United States

Blowout jobs report points to December rate hike


Private sector hiring returned to form in the October jobs report and the labor market reached full employment at 5 percent, which should provide enough cover for the U.S. Federal Reserve to raise rates in December for the first time since June 2006. The 271,000 new jobs added in October, coupled with better recent economic data and evidence of modestly rising wages, suggest the economy’s soft patch has abated.

Our preferred metric for unemployment, the U6-U3 spread, or the spread between the unemployment rate which includes discouraged workers and all other marginally attached workers (U6) and the official unemployment rate (U3), fell to 4.8 percent, just above the spread’s long-term average of 4.6 percent.

On another encouraging note, one labor market metric that Fed Chair Janet Yellen watches closely, involuntary part-time employment, declined to 5.767 million in October, though it’s still slightly above the historical pace of 5.4 million. Given the direction of the labor market, this is traditionally the point when central bankers begin to consider the impact of a tight labor market on wages and inflation and move toward tightening rates.

With labor growth of one half of 1 percent per year, the economy needs to generate about 100,000 per month to meet the demands of new entrants into the labor market. With a long-term growth rate of 1.5 percent (1 percent productivity plus one-half percent growth in the labor market) job gains at the current six-month pace of 215,000, and a growth rate above 2 percent, both point to a reduction in overall economic and labor slack which, over time, will require a net tightening of policy.

October’s pace of job creation implies that the August and September readings were transitory deviations from the underlying trend, which should continue to produce job growth near 200,000 per month into 2016. At this point, with only 1.4 unemployed individuals available per job opening, the labor market is sufficiently tight to withstand a modest series of rate hikes that will unfold next year.

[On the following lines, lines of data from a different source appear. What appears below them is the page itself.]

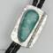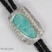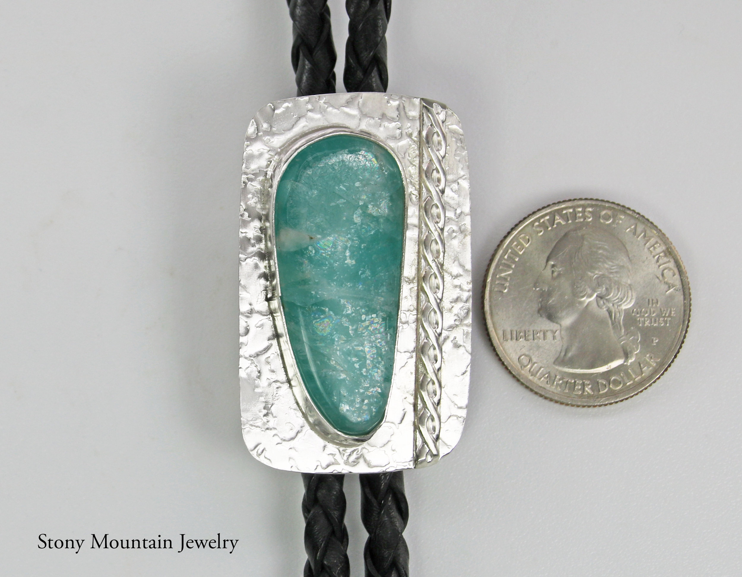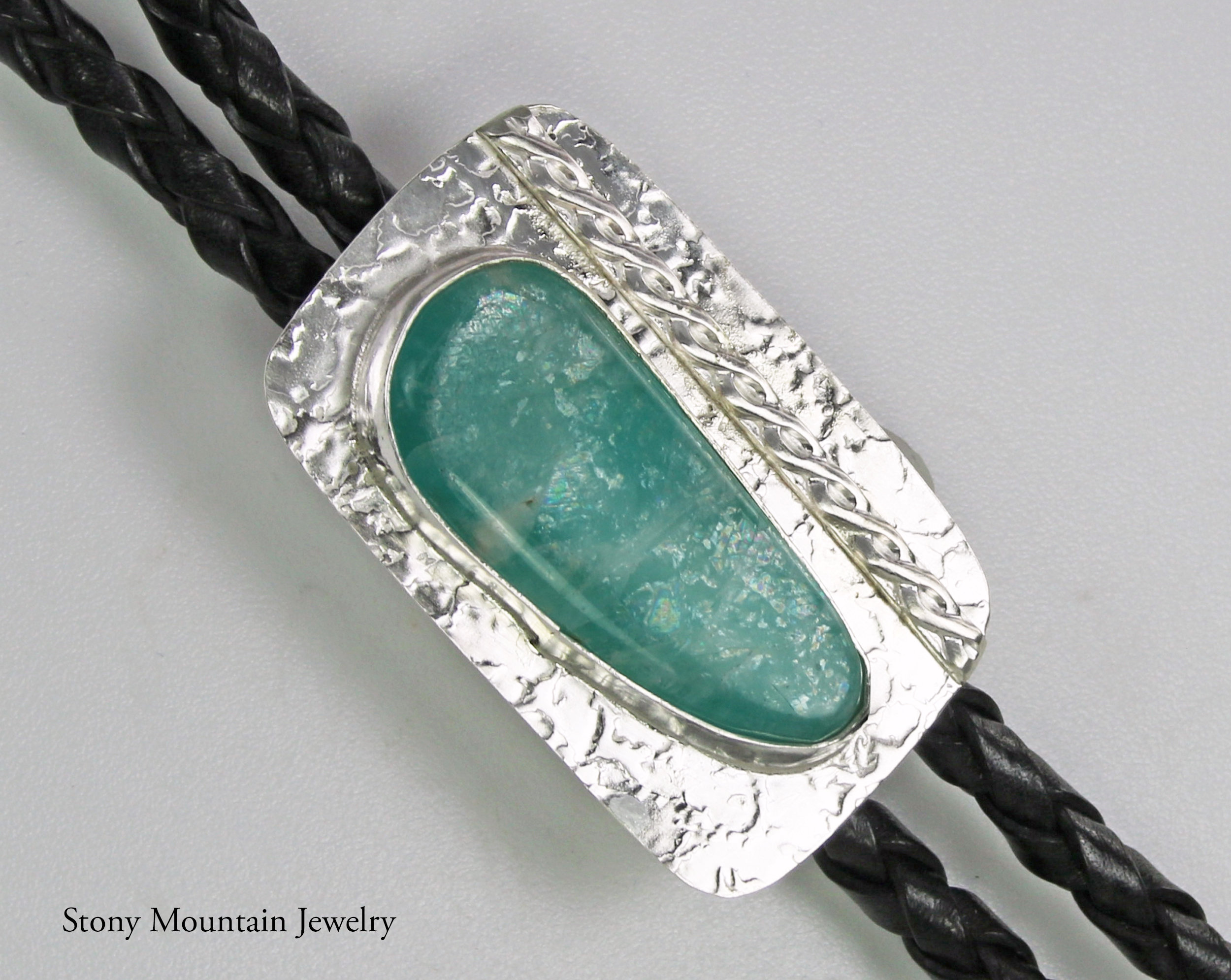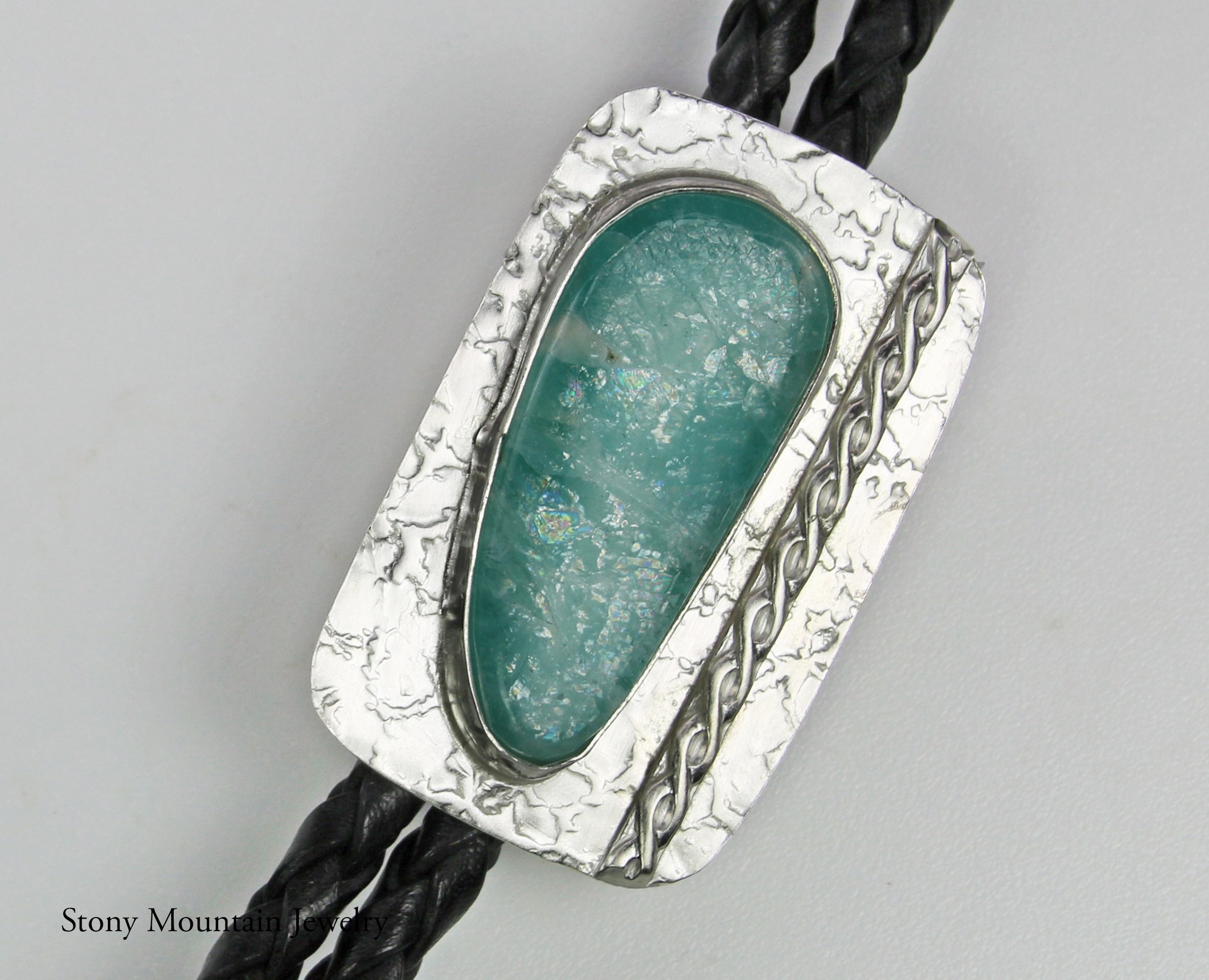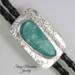 Contemporary Bolo Tie. No rules - this beautiful bolo can be worn by men or women. A wonderful alternative for formal attire or a funky bit of dress up with a tee shirt - NO rules apply for Bolo Ties! Hand cut freeform Amazonite is artistically set in sterling silver. This stunning stone is a fine example of Amazonite with a shiller effect, similar to Labradorite or Moonstone. The handcrafted slide uses friction rather than a mechanical device. This slide will keep your tie securely in place without crimping the leather cord. Lapidary work, design and fabrication all done by Ran.
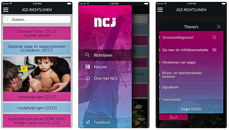 Het Nederlands Centrum Jeugdgezondheid (NCJ) lanceert de app ‘JGZ-richtlijnen’ voor professionals in de Jeugdgezondheidszorg (JGZ). De app moet snelle toegang bieden tot aanbevelingen van alle 29 wetenschappelijk onderbouwde JGZ-richtlijnen. De gratis app is te downloaden voor iOS en Android.
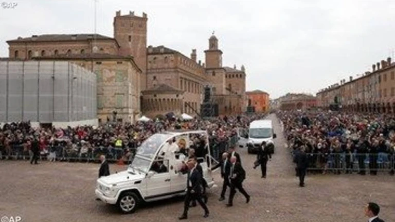 Una vez finalizado el encuentro con el Clero, Francisco recorrerá 23 kilómetros en coche para encontrarse con la Comunidad de Mirandola en la catedral de la localidad. Allí el Santo Padre dedicará unas palabras de ánimo a la población de Mirandola, cuyo centro histórico fue también fuertemente golpeado por el terremoto de mayo de 2012. Y terminará su visita con una ofrenda floral al monumento dedicado a las víctimas del seísmo, situado en la Parroquia de la localidad.
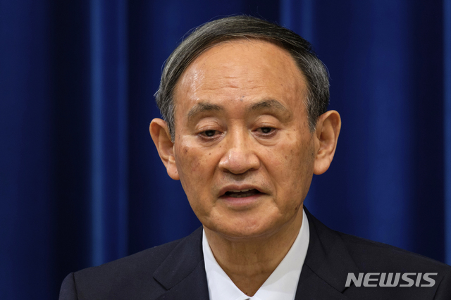 [도쿄=AP/뉴시스]지난 25일 스가 요시히데 일본 총리가 총리 관저에서 기자회견을 가지고 있다. 2020.12.28. |
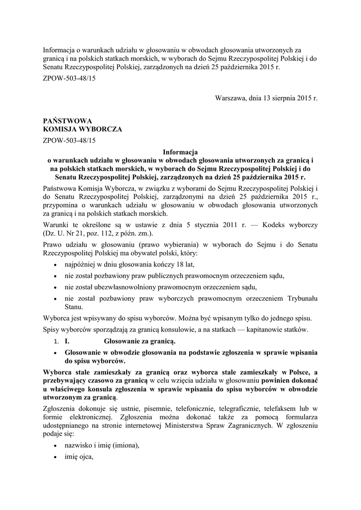 Informacja o warunkach udziału w głosowaniu w obwodach głosowania utworzonych za granicą i na polskich statkach morskich, w wyborach do Sejmu Rzeczypospolitej Polskiej i do Senatu Rzeczypospolitej Polskiej, zarządzonych na dzień 25 października 2015 r. ZPOW-503-48/15 Warszawa, dnia 13 sierpnia 2015 r. PAŃSTWOWA KOMISJA WYBORCZA ZPOW-503-48/15 Informacja o warunkach udziału w głosowaniu w obwodach głosowania utworzonych za granicą i na polskich statkach morskich, w wyborach do Sejmu Rzeczypospolitej Polskiej i do Senatu Rzeczypospolitej Polskiej, zarządzonych na dzień 25 października 2015 r. Państwowa Komisja Wyborcza, w związku z wyborami do Sejmu Rzeczypospolitej Polskiej i do Senatu Rzeczypospolitej Polskiej, zarządzonymi na dzień 25 października 2015 r., przypomina o warunkach udziału w głosowaniu w obwodach głosowania utworzonych za granicą i na polskich statkach morskich. Warunki te określone są w ustawie z dnia 5 stycznia 2011 r. — Kodeks wyborczy (Dz. U. Nr 21, poz. 112, z późn. zm.). Prawo udziału w głosowaniu (prawo wybierania) w wyborach do Sejmu i do Senatu Rzeczypospolitej Polskiej ma obywatel polski, który: najpóźniej w dniu głosowania kończy 18 lat, nie został pozbawiony praw publicznych prawomocnym orzeczeniem sądu, nie został ubezwłasnowolniony prawomocnym orzeczeniem sądu, nie został pozbawiony praw wyborczych prawomocnym orzeczeniem Trybunału Stanu. Wyborca jest wpisywany do spisu wyborców. Można być wpisanym tylko do jednego spisu. Spisy wyborców sporządzają za granicą konsulowie, a na statkach — kapitanowie statków. 1. I. Głosowanie za granicą. Głosowanie w obwodzie głosowania na podstawie zgłoszenia w sprawie wpisania do spisu wyborców. Wyborca stale zamieszkały za granicą oraz wyborca stale zamieszkały w Polsce, a przebywający czasowo za granicą w celu wzięcia udziału w głosowaniu powinien dokonać u właściwego konsula zgłoszenia w sprawie wpisania do spisu wyborców w obwodzie utworzonym za granicą. Zgłoszenia dokonuje się ustnie, pisemnie, telefonicznie, telegraficznie, telefaksem lub w formie elektronicznej. Zgłoszenia można dokonać także za pomocą formularza udostępnianego na stronie internetowej Ministerstwa Spraw Zagranicznych. W zgłoszeniu podaje się: nazwisko i imię (imiona), imię ojca, datę urodzenia, numer ewidencyjny PESEL, adres zamieszkania lub pobytu wyborcy za granicą, adres zamieszkania wyborcy w kraju, tj. miejsce ujęcia w rejestrze wyborców (w odniesieniu do osób przebywających czasowo za granicą), numer ważnego polskiego paszportu oraz miejsce i datę jego wydania. W państwach, w których dowód osobisty jest wystarczającym dokumentem do przekroczenia granicy, w miejsce numeru ważnego polskiego paszportu można podać numer ważnego dowodu osobistego. Zgłoszenia dokonuje się najpóźniej w 3. dniu przed dniem wyborów, tj. do dnia 22 października 2015 r. Obwody głosowania za granicą tworzy Minister Spraw Zagranicznych w drodze rozporządzenia. Wykaz tych obwodów będzie dostępny we wszystkich polskich placówkach konsularnych, delegaturach Krajowego Biura Wyborczego oraz na stronie internetowej Państwowej Komisji Wyborczej http://parlament2015.pkw.gov.pl. Głosowanie korespondencyjne Wyborca stale zamieszkały za granicą oraz wyborca stale zamieszkały w Polsce, a przebywający czasowo za granicą może głosować korespondencyjnie. W tym celu powinien dokonać u właściwego konsula zgłoszenia zamiaru głosowania korespondencyjnego. Zamiar głosowania korespondencyjnego powinien być zgłoszony przez wyborcę, najpóźniej w 18. dniu przed dniem wyborów, tj. do dnia 7 października 2015 r. Zgłoszenie może być dokonane ustnie, pisemnie, telefaksem lub w formie elektronicznej. W zgłoszeniu podaje się: oznaczenie wyborów, których dotyczy zgłoszenie, nazwisko i imię (imiona), imię ojca, datę urodzenia, numer ewidencyjny PESEL, adres zamieszkania lub pobytu wyborcy za granicą, adres zamieszkania wyborcy w kraju, tj. miejsce ujęcia w rejestrze wyborców (w odniesieniu do osób przebywających czasowo za granicą), numer ważnego polskiego paszportu oraz miejsce i datę jego wydania. W państwach, w których dowód osobisty jest wystarczającym dokumentem do przekroczenia granicy, w miejsce numeru ważnego polskiego paszportu można podać numer ważnego dowodu osobistego, adres, pod który ma zostać wysłany przez konsula pakiet wyborczy zawierający karty do głosowania, albo deklarację osobistego odbioru pakietu wyborczego u konsula. W przypadku gdy wyborca zgłosił zamiar głosowania korespondencyjnego za granicą, wyborcy temu zaświadczenia o prawie do głosowania w miejscu pobytu w dniu wyborów nie wydaje się po wysłaniu do wyborcy pakietu wyborczego, chyba że zwrócił on pakiet wyborczy w stanie nienaruszonym. Głosowanie na podstawie zaświadczenia o prawie do głosowania. · Wyborca stale zamieszkały w kraju zamierzający głosować za granicą może otrzymać zaświadczenie o prawie do głosowania. Z zaświadczeniem takim można głosować w dowolnym obwodzie głosowania w kraju, za granicą lub na polskim statku morskim. Wniosek o wydanie zaświadczenia o prawie do głosowania składa się w urzędzie gminy, w której wyborca będzie ujęty w spisie wyborców, najpóźniej w 2. dniu przed dniem wyborów, tj. do dnia 23 października 2015 r. Wniosek o wydanie zaświadczenia o prawie do głosowania może zostać złożony pisemnie, telefaksem lub w formie elektronicznej (nie jest wymagane posiadanie profilu zaufanego lub kwalifikowanego podpisu elektronicznego). Wniosek może być zatem złożony za pośrednictwem poczty elektronicznej (e-mail). Do odbioru zaświadczenia wyborca może upoważnić inną osobę. Wówczas wyborca sporządza wniosek o wydanie zaświadczenia i upoważnienie (może to być jeden dokument), w którym wskazuje swoje imię (imiona) i nazwisko oraz numer PESEL, a także dane osoby upoważnionej
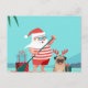 Cartão Postal Papai Noel e o Pug dele no surfboard
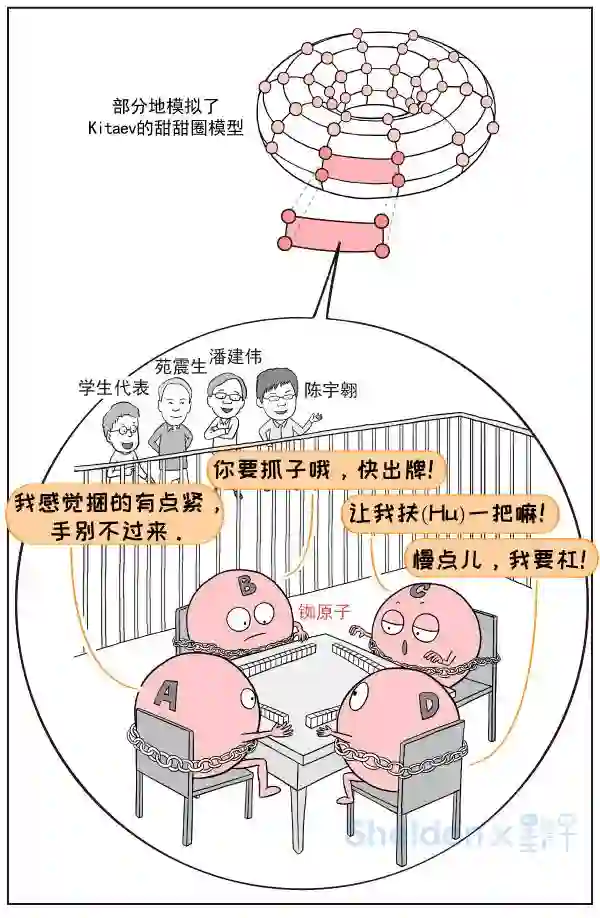 5. 为啥漫画里打麻将的4个原子被绑在椅子上,周围还有墙呢?这是为了阻止它们随便“互换座位”,也就是不得发生“两体相互作用”。Kitaev模型中原子的实际的情况也是这样的,如下图:
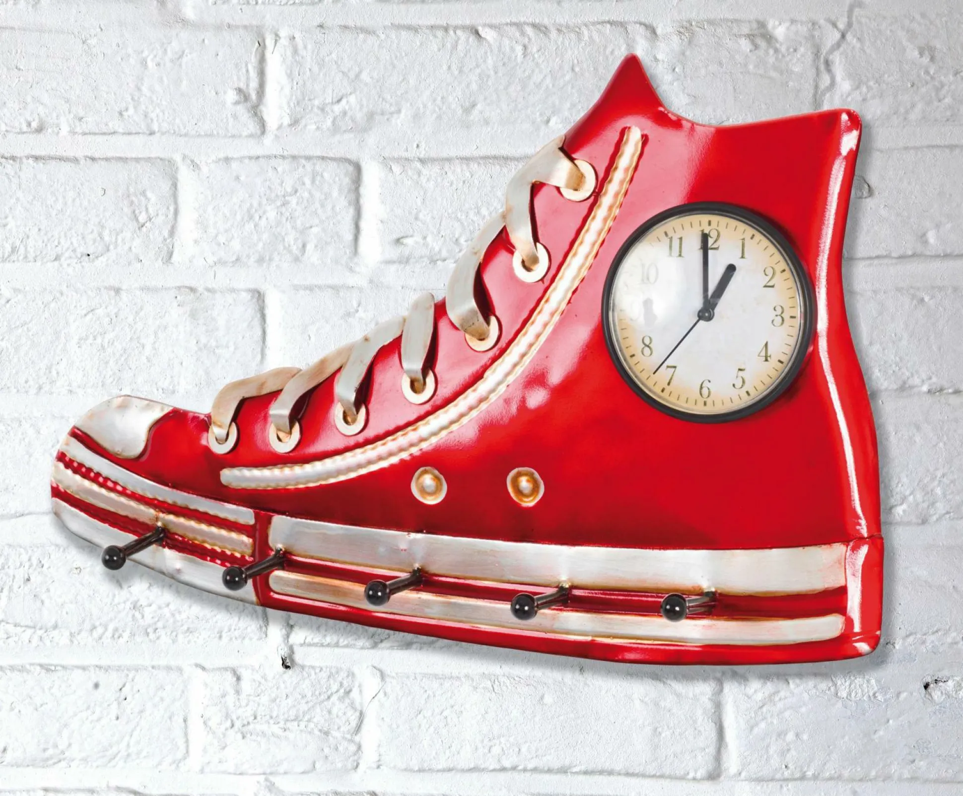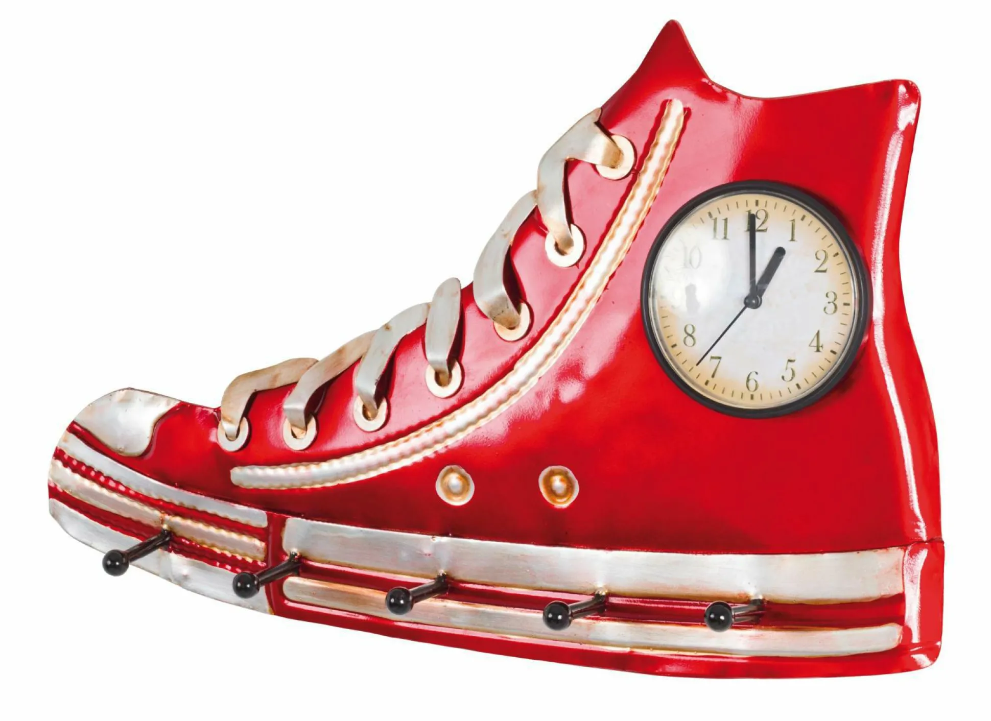 aus Metall in 3D Optik rot lackiert, mit 5 Garderobenhaken und integrierter Uhr, montiert
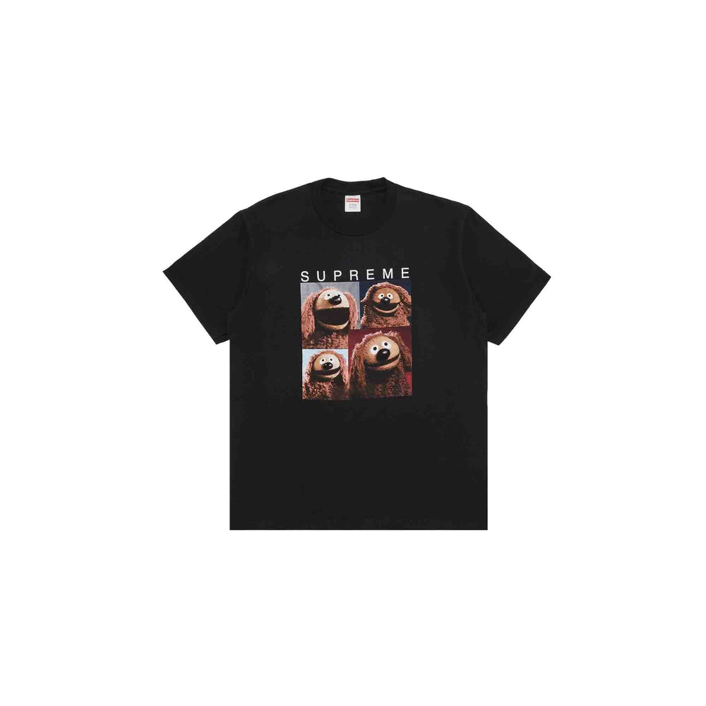 The tee is crafted from high-quality, 100% cotton, ensuring a soft, comfortable fit that withstands the rigors of daily wear. The classic black colorway serves as a versatile canvas, effortlessly integrating into any wardrobe. Central to the design is a vibrant graphic of Rowlf, depicted in his characteristic playful demeanor. This image is meticulously printed using advanced techniques to maintain its vibrancy and detail wash after wash. The Supreme logo, subtly incorporated into the graphic, affirms the piece's authenticity and exclusivity.
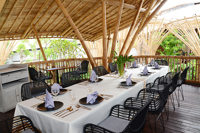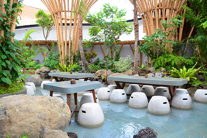 浅い池に足を入れ、涼をとりながら座るテーブル席は常夏のバリならでは。子供たちも喜びそうですね。
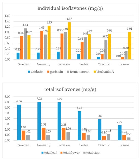 According to the country of seed origin, the red clovers from Slovakia and Germany had the highest average total isoflavone content (3.61 ± 2.94 and 3.45 ± 2.18 mg/g, respectively), while the lowest isoflavone content was noticeable in the samples from France (1.42 ± 1.18 mg/g). Generally, the individual isoflavone share follows the same order—biochanin is the dominant compound, which is followed by formononetin, genistein and daidzein. The contribution of individual isoflavones differs in samples originating from Sweden and Germany, since in the Swedish samples, formononetin is the dominant isoflavone, and in the German genotypes, the content of genistein is higher than the formononetin content (Figure 5). Concerning the plant part, generally, leaves were the richest sources of isoflavones and stems had the lowest content regardless of the country of seed origin. Only samples from the Czech Republic had the lowest isoflavone content in flowers compared to other plant parts (Figure 5).
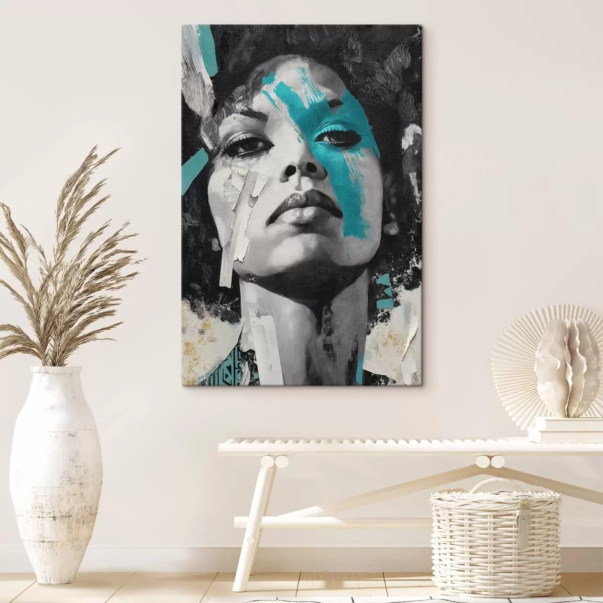 Obraz Portret mieszany z fragmentami kolorowych pociągnięć i tekstur Nr s45416
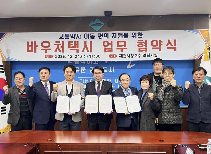[뉴스다컴] 제천시는 지난 24일 교통약자의 이동권 보장과 이동 편의 증진을 위해 청풍호콜센터, ㈜티머니 모빌리티와 바우처택시 업무협약을 체결했다.

It is important to recognize that the Fed is intent on raising rates in a gradual and orderly manner that will unfold over a period of years, versus the sharp series of rate increases seen during the Alan Greenspan-led Fed in the 1990s. That is why, in our estimation, any worries about a rapid rise in interest rates, which will likely dominate market chatter during the next few weeks, has the potential to be misleading.

At this point in the business cycle, with the labor market continuing to tighten, policymakers will interpret any job gains between 100,000 and 150,000 as sufficient to continue to slowly bring down the unemployment rate at a pace commensurate with a gradual normalization of monetary policy.

Looking forward to 2016, we anticipate another 50 basis points of tightening prior to the U.S. presidential election, which may pose challenges for interest rate-sensitive sectors such as housing and autos, both of which have shown robust growth during the past several months.